Страница 2 из 50
Светлая блондинка, она сохранила резвую юную грацию парижанок, которые никогда не стареют; обладая поразительной жизненной силой, каким-то неисчерпаемым запасом сопротивляемости, они в течение двадцати лет остаются все такими же, несокрушимыми и торжествующими, прежде всего заботясь о своем теле и оберегая здоровье.
Она приподняла вуаль и прошептала:
— Что же, меня не поцелуют?
— Я только что курил.
— Фу! — сказала она, но протянула губы. — Все равно!
И уста их встретились.
Он взял у нее зонтик и снял с нее весенний жакет быстрыми, уверенными движениями, привычными к этой интимной услуге. А когда она села на диван, он заботливо спросил:
— Как поживает ваш муж?
— Превосходно. Он, должно быть, произносит сейчас речь в палате.
— А! О чем это?
— Наверно, о свекле или репейном масле, как всегда.
Ее муж, граф де Гильруа, депутат от департамента Эры, избрал своей специальностью вопросы сельского хозяйства.
Заметив в углу незнакомый эскиз, она прошла через мастерскую и спросила:
— Что это?
— Начатая мною пастель, портрет княгини де Понтев.

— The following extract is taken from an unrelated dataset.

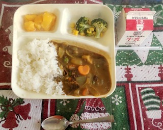 冬野菜のカレーライスの献立に、ハートなどのラッキーにんじんを入れました。
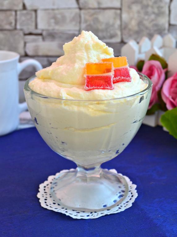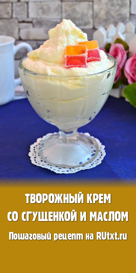 Пышный и очень вкусный творожный крем со сгущенкой и маслом готов. Его можно использовать для наполнения трубочек, корзиночек, украшения и приготовления тортов. Если вы планируете украшать им выпечку, то поместите его минут на 15 в холодильник.

— Знаете, — серьезно сказала она, — если вы опять приметесь писать портреты женщин, я закрою вашу мастерскую. Мне слишком хорошо известно, к чему ведет такая работа.
— О, — сказал он, — дважды портрета Ани не напишешь.
— Надеюсь.
Она рассматривала начатую пастель как женщина, понимающая толк в искусстве. Отошла немного, затем приблизилась, приложив щитком руку к глазам, отыскала место, откуда эскиз был всего лучше освещен, и наконец выразила свое удовлетворение:
— Очень хорошо. Пастель вам отлично удается.
Польщенный, он прошептал:
— Вы думаете?
— Да, это тонкое искусство, которое требует большого вкуса. Это не для маляров.
Уже двенадцать лет она поощряла в нем склонность к изысканному искусству, боролась с его возвратами к простой действительности и, высоко ценя светское изящество, мягко направляла его к идеалу несколько манерной и нарочитой красоты.
Она спросила:
— А какова собой эта княгиня?
Начав с замечаний о туалете, он перешел к оценке ума и сообщил множество подробностей, тех мелких подробностей, которые так смакует изощренное и ревнивое женское любопытство.
Она спросила вдруг:
— А не кокетничает она с вами?
Он рассмеялся и побожился, что нет.
Положив обе руки на плечи художника, она пристально посмотрела на него. В ее взгляде был такой жгучий вопрос, что зрачки дрожали в синеве ее глаз, испещренной еле заметными черными крапинками, похожими на чернильные брызги.
Она снова прошептала:
— Правда не кокетничает?
— Да нет же.
Она прибавила:
— Впрочем, меня это не беспокоит. Теперь уж вы никого, кроме меня, не полюбите. Никого… Кончено, слишком поздно, мой бедный друг.
Он почувствовал ту мимолетную щемящую боль, которая отдается в сердце пожилых людей, когда им напоминают об их возрасте, и тихо сказал:
— Ни сегодня, ни завтра — никогда в моей жизни не было и не будет никого, кроме вас, Ани.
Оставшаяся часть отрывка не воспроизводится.